Left Behind
- Oct 22, 2019
- 2 min read
by Julie Weiss
If it had all been a bad dream and you had barreled through the front door, ravenous after soccer practice, homework sheets spilling
out of your backpack, you wouldn’t have recognized me: eyes the shade of storm clouds, a torrent caving my face. I was proof that a man
could grow as thin as the streak that trails a bird in flight. You would have said: dad, why haven’t you washed your shirt?

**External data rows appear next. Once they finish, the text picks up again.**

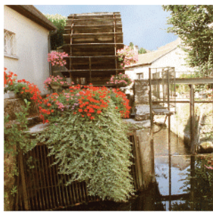
Une roue sur un brasnet

impressionnant car probablement voisin d'une quarantaine à l'origine - fit dire que Crécy était la citadelle aux 99 tours... Sur le nouveau brasnet, on observera les nombreux lavoirs, et toutes sortes de passerelles, dont bien peu ont conservé leur caractère de pont-levis dû à un ingénieux système de poulies et de contrepoids. 6 Le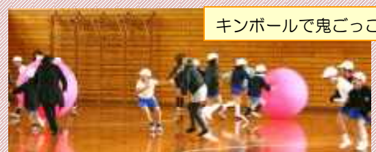
キンボールで鬼ごっこ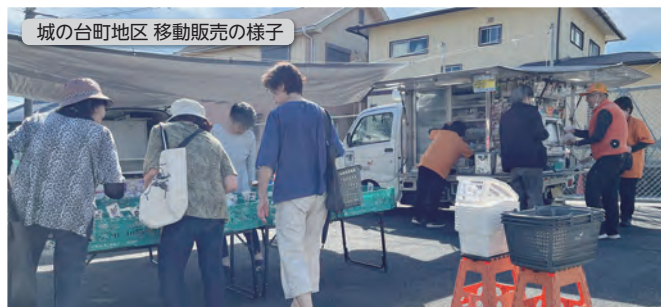
城の台町地区 移動販売の様子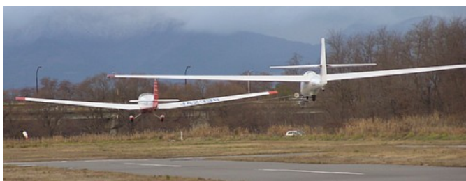
ロータックスファルケによる航空機曳航

There are ways to eradicate stains but I wanted to wear your blood so that I might collapse, intoxicated by your smell, stifle
the image of your body, motionless among the dead. I fantasized about ghosts, how you’d enliven our walls with your shadow moves. How you’d raise the hairs
on the back of your mother’s neck, as if pulling one of your pranks, the kind that always got you grounded but made us chuckle in private.
During the day, we keep it together. Nights my mind shudders under the knife-edge of memory. You step onto the stage of my nightmares
dressed in blood, launch your spirit body into a leap, my leap, the leap that didn’t carry me far enough to land in front of the shots. You leap in slow motion
as if mocking my failed attempt at heroics. Reeling, I roar into the void: I never wanted to be a superhero! I only wanted to chest the bullets that cheated you
out of life. I came up short, son. For a time, I thought we’d lost our only child, but that was before I learned to see you in a gust of wind, tousling my hair.
Before I learned to trace your expressions in swirls of sunrise. Before I learned to recognize your wave in the wings of a butterfly, flitting among daisies
outside your bedroom. All those colors gathered in your arms, I think you might splash them against the window, startle me out of my stupor.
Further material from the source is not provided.